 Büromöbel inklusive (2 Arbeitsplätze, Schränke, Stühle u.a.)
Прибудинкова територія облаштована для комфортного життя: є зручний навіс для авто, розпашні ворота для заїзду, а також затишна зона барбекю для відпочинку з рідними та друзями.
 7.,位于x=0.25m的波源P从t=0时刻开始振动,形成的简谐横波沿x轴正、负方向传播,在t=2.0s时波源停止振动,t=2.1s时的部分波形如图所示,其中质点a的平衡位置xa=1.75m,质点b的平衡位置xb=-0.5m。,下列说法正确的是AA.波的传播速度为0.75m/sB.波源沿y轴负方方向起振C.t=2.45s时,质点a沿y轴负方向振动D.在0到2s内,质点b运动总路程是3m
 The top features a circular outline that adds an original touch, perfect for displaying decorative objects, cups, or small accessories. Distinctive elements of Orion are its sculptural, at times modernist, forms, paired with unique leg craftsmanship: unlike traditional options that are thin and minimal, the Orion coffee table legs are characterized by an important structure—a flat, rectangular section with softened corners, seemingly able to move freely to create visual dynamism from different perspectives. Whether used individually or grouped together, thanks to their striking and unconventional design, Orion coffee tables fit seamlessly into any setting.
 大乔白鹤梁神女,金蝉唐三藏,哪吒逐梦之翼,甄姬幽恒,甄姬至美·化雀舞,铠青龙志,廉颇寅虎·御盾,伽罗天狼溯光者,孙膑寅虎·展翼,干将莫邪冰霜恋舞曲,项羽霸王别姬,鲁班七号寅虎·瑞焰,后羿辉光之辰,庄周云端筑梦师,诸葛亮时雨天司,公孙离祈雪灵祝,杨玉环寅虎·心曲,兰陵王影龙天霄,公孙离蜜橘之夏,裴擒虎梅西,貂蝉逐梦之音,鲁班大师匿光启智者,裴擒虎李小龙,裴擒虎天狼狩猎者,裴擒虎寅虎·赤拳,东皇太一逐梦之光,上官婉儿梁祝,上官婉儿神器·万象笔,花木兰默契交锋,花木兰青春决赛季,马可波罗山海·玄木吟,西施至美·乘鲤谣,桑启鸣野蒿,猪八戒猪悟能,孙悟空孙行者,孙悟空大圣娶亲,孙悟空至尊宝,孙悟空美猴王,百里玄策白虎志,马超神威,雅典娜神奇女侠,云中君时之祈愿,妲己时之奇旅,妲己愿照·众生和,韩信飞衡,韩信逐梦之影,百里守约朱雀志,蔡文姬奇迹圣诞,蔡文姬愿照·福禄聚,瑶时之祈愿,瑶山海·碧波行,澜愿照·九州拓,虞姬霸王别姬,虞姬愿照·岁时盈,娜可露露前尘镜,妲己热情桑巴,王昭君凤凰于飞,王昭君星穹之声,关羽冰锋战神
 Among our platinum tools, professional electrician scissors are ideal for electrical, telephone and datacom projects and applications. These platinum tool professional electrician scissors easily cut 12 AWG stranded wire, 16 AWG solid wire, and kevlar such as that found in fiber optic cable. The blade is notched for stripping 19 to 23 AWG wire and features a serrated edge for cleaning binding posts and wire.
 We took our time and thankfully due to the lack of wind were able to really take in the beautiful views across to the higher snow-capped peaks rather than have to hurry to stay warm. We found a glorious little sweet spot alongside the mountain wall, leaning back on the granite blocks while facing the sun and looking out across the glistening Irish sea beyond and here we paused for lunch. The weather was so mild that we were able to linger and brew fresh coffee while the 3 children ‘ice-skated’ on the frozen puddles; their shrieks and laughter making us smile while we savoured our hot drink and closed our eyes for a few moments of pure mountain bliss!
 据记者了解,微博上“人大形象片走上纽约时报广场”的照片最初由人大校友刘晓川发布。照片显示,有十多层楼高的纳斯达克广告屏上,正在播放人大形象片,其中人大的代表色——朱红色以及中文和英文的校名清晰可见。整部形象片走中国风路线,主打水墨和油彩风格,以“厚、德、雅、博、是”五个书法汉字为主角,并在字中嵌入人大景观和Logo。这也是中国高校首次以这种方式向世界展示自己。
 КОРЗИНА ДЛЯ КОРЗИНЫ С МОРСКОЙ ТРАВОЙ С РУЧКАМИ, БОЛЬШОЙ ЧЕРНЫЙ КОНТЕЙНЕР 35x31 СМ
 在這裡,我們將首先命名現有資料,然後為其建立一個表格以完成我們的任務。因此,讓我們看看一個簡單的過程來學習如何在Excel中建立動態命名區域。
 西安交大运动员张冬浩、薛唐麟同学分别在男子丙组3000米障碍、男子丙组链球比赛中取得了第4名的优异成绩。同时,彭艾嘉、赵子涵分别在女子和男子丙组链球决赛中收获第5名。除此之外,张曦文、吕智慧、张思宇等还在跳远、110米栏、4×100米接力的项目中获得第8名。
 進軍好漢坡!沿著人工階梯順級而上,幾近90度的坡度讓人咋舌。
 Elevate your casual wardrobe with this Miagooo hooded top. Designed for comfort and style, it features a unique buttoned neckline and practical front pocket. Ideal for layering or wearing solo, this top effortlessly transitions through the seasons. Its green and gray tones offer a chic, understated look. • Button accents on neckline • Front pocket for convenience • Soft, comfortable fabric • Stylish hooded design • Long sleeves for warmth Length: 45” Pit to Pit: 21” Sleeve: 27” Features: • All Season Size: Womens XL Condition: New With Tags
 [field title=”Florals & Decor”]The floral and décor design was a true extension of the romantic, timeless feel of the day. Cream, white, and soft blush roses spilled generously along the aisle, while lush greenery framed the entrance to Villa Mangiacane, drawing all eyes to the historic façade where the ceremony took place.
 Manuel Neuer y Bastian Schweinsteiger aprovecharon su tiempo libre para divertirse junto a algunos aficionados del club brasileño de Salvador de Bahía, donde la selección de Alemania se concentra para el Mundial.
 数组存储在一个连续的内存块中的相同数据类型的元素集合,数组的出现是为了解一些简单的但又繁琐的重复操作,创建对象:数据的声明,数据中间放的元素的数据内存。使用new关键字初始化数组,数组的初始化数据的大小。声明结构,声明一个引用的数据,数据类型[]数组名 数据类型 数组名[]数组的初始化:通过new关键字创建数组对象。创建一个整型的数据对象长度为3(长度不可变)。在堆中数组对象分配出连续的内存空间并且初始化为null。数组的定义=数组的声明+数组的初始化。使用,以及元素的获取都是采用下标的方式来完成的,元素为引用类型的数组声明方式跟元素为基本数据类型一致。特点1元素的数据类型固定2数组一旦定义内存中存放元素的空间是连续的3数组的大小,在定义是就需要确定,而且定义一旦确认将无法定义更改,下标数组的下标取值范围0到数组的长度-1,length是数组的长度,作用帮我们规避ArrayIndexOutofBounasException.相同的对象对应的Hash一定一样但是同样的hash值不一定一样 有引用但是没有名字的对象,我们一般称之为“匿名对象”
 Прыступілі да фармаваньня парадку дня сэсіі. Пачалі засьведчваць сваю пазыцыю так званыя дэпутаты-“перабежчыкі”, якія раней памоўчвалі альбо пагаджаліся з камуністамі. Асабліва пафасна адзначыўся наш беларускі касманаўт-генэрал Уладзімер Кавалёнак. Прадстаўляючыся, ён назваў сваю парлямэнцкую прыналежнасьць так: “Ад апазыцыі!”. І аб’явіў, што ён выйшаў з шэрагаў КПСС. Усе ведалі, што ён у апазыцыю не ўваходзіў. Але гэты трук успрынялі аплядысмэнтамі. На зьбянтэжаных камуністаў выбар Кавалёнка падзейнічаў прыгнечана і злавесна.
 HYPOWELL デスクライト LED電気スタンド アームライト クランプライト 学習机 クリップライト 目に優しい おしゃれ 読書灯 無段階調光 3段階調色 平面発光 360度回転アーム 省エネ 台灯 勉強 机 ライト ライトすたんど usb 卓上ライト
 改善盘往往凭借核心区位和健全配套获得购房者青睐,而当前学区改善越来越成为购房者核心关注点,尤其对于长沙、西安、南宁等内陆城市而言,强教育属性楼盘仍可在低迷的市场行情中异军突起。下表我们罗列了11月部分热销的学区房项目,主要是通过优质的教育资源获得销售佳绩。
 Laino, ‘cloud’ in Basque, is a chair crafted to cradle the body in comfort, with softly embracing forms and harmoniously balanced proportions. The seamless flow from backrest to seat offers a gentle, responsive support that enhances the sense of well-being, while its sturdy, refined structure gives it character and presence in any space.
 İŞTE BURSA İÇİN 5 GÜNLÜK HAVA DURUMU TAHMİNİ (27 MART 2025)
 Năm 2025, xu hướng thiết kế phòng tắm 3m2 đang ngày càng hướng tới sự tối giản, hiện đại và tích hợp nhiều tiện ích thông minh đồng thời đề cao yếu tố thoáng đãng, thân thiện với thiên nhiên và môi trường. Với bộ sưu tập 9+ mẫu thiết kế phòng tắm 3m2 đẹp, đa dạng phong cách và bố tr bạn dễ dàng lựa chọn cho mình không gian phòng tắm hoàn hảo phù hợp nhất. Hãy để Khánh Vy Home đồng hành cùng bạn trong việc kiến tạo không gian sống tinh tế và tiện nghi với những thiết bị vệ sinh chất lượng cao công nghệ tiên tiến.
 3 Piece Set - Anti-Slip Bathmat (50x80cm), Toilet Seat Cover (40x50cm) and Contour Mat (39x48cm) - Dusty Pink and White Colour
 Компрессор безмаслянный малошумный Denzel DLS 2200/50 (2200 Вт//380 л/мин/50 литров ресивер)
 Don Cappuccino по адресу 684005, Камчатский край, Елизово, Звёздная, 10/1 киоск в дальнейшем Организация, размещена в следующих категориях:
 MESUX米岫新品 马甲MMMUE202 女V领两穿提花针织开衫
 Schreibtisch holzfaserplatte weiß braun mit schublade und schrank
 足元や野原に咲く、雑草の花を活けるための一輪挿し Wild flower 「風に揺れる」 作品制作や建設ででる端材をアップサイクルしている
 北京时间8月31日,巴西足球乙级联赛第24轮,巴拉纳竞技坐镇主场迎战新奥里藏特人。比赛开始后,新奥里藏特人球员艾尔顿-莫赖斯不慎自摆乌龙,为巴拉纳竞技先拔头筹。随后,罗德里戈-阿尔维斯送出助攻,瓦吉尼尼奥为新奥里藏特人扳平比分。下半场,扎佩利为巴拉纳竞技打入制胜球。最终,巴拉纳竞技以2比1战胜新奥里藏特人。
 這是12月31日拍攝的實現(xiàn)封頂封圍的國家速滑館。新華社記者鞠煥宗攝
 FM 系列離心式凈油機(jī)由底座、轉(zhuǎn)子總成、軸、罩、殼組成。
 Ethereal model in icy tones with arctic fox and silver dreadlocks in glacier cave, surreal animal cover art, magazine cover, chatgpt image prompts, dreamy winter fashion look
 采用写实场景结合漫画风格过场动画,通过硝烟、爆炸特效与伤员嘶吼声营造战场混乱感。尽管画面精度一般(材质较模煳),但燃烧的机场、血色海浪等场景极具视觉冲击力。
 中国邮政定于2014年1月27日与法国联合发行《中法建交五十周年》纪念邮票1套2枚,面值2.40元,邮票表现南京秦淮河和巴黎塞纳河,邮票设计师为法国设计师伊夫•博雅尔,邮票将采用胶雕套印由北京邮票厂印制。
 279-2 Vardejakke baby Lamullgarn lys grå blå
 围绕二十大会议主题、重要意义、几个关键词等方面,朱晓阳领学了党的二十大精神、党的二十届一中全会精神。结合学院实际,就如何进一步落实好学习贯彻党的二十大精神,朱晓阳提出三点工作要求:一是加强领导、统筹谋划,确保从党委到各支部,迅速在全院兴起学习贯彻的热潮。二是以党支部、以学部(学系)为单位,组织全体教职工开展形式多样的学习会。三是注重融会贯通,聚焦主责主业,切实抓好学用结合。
- - -
__Prompt__
The answer must consist of each line from the entries that contains the string "design".

__Finished task__
 The top features a circular outline that adds an original touch, perfect for displaying decorative objects, cups, or small accessories. Distinctive elements of Orion are its sculptural, at times modernist, forms, paired with unique leg craftsmanship: unlike traditional options that are thin and minimal, the Orion coffee table legs are characterized by an important structure—a flat, rectangular section with softened corners, seemingly able to move freely to create visual dynamism from different perspectives. Whether used individually or grouped together, thanks to their striking and unconventional design, Orion coffee tables fit seamlessly into any setting.
 Elevate your casual wardrobe with this Miagooo hooded top. Designed for comfort and style, it features a unique buttoned neckline and practical front pocket. Ideal for layering or wearing solo, this top effortlessly transitions through the seasons. Its green and gray tones offer a chic, understated look. • Button accents on neckline • Front pocket for convenience • Soft, comfortable fabric • Stylish hooded design • Long sleeves for warmth Length: 45” Pit to Pit: 21” Sleeve: 27” Features: • All Season Size: Womens XL Condition: New With Tags
 [field title=”Florals & Decor”]The floral and décor design was a true extension of the romantic, timeless feel of the day. Cream, white, and soft blush roses spilled generously along the aisle, while lush greenery framed the entrance to Villa Mangiacane, drawing all eyes to the historic façade where the ceremony took place.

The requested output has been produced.